Passwords for private key files

A small one this: secure connections between RPC servers and clients can now benefit from even more security: the private key file that's used to encrypt some SSL / TLS traffic may now have an optional password. This is a usability improvement for deployments that need to keep their private key particularly secure; the password used is the result of a shell command that is invoked by Impala at start-up, so may come from a variety of user-configurable locations.

The same feature for the webserver that's run by all Impala processes has just finished review.

Lots of nested types work

As another release looms later this year, a huge amount of development effort is going into finishing initial support for 'nested types' in Impala - non-primitive columns like maps, arrays and structs. There's usually a flurry of nested types activity every week, and this was no exception. For example:

  • Deduplication of identical adjacent tuples in row-batches. The row-batch is the container used by Impala to ship rows (which are comprised of tuples) between operators on the same machine, or to a remote machine. This patch saves a lot of wasted space when tuples are duplicated (as they might be for certain kinds of joins) by only storing duplicate variable length data, such as strings, once and having all pointers refer to the same canonical copy. This helps significantly when nested types are involved.

  • Pretty-printing of complex types in DESCRIBE. This patch is a usability improvement that 'prettily' prints nested types in DESCRIBE's output, where before they would show up as just one continuous string with no line breaks, despite their complexity..

  • Planner tests for 'nested' TPCH. We've built a version of the TPCH schema that uses nested types rather than foreign-key relationships in some cases as a test suite for the nested types execution engine. This patch adds tests for the planner alone. It's a good place to look to understand what plans look like for nested types, and for the new syntax for queries against nested columns!

For an overview of Impala's upcoming nested types support, see this presentation from March, or head over to Strata in New York at the end of September for a talk by Alex, Marcel and Josh.

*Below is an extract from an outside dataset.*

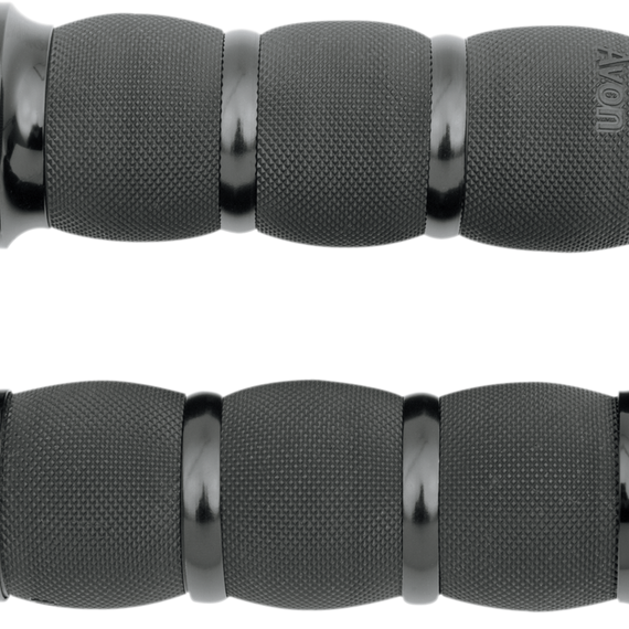 Caracteristicas: Feature billet end caps and rings with ergonomic AVON seamless rubber grip technology Designed with a very soft, tacky and durable material Fit 1" handlebars Made in the U.S.A.

Column authorisation part one

Another security feature - column authorisation allows users to specify who may access individual columns of tables, not just the tables themselves. This allows users to decouple their schemas from their access control requirements, because column-level authorisation allows them to project out only the columns that they would like a particular user to see.

The first patch for this feature adds support for parsing and analysis of GRANT and REVOKE statements against individual columns. Enforcement is coming in a second patch, possibly this week!